NASA's ER-2 Earth Resources aircraft No. 806 will be flying high-altitude missions over Greenland this spring to validate the accuracy of the newly developed Multiple Altimeter Beam Experiment Lidar. (NASA / Tony Landis)
A NASA ER-2 Earth Resources aircraft based at NASA's Dryden Aircraft Operations Facility in Palmdale, Calif., will be flying a number of high-altitude missions over five weeks this spring to validate the accuracy of a new laser altimeter.

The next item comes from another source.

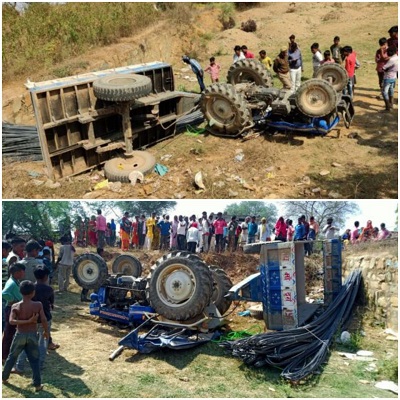 ट्रैक्टर जैसे ही रोरवा गांव पहुंची वहा हल्की ढाल होने की वजह से ट्रैक्टर अनियंत्रित हो कर लगभग दस फिट खाई में नीचे जा पलटी वहीं ट्रैक्टर सवार कचनरवा निवासी सिलेसर सिंह ट्रैक्टर अनियंत्रित होते देख कूद गया लेकिन कचनरवा के टोला हड़वरिया निवासी दो सगे भाई 32 वर्षीय फेकन व 30 वर्षीय देवी दयाल पुत्र स्व. रामा भुइया ट्रैक्टर के इंजन के नीचे दब गए |

The high-flying ER-2 is scheduled to depart Palmdale on March 22 for a deployment base in Keflavik, Iceland, to test Goddard's Multiple Altimeter Beam Experiment Lidar, or MABEL, that simulates a similar instrument planned for NASA's IceSat-2 environmental satellite scheduled for launch in 2016.
Although not directly connected to the Spring 2012 Operation IceBridge Arctic polar ice survey, the ER-2 flights will be conducted concurrently with many of the same flight tracks being flown by IceBridge mission aircraft.
Operation IceBridge, conducted in the Arctic in March and April and the Antarctic during October and November, is the largest survey of Earth's polar ice ever flown. Although not participating in the Arctic study this spring, NASA's DC-8 flying science laboratory, also based in Palmdale, participates annually in the Antarctic study and has participated in the Arctic study in past years.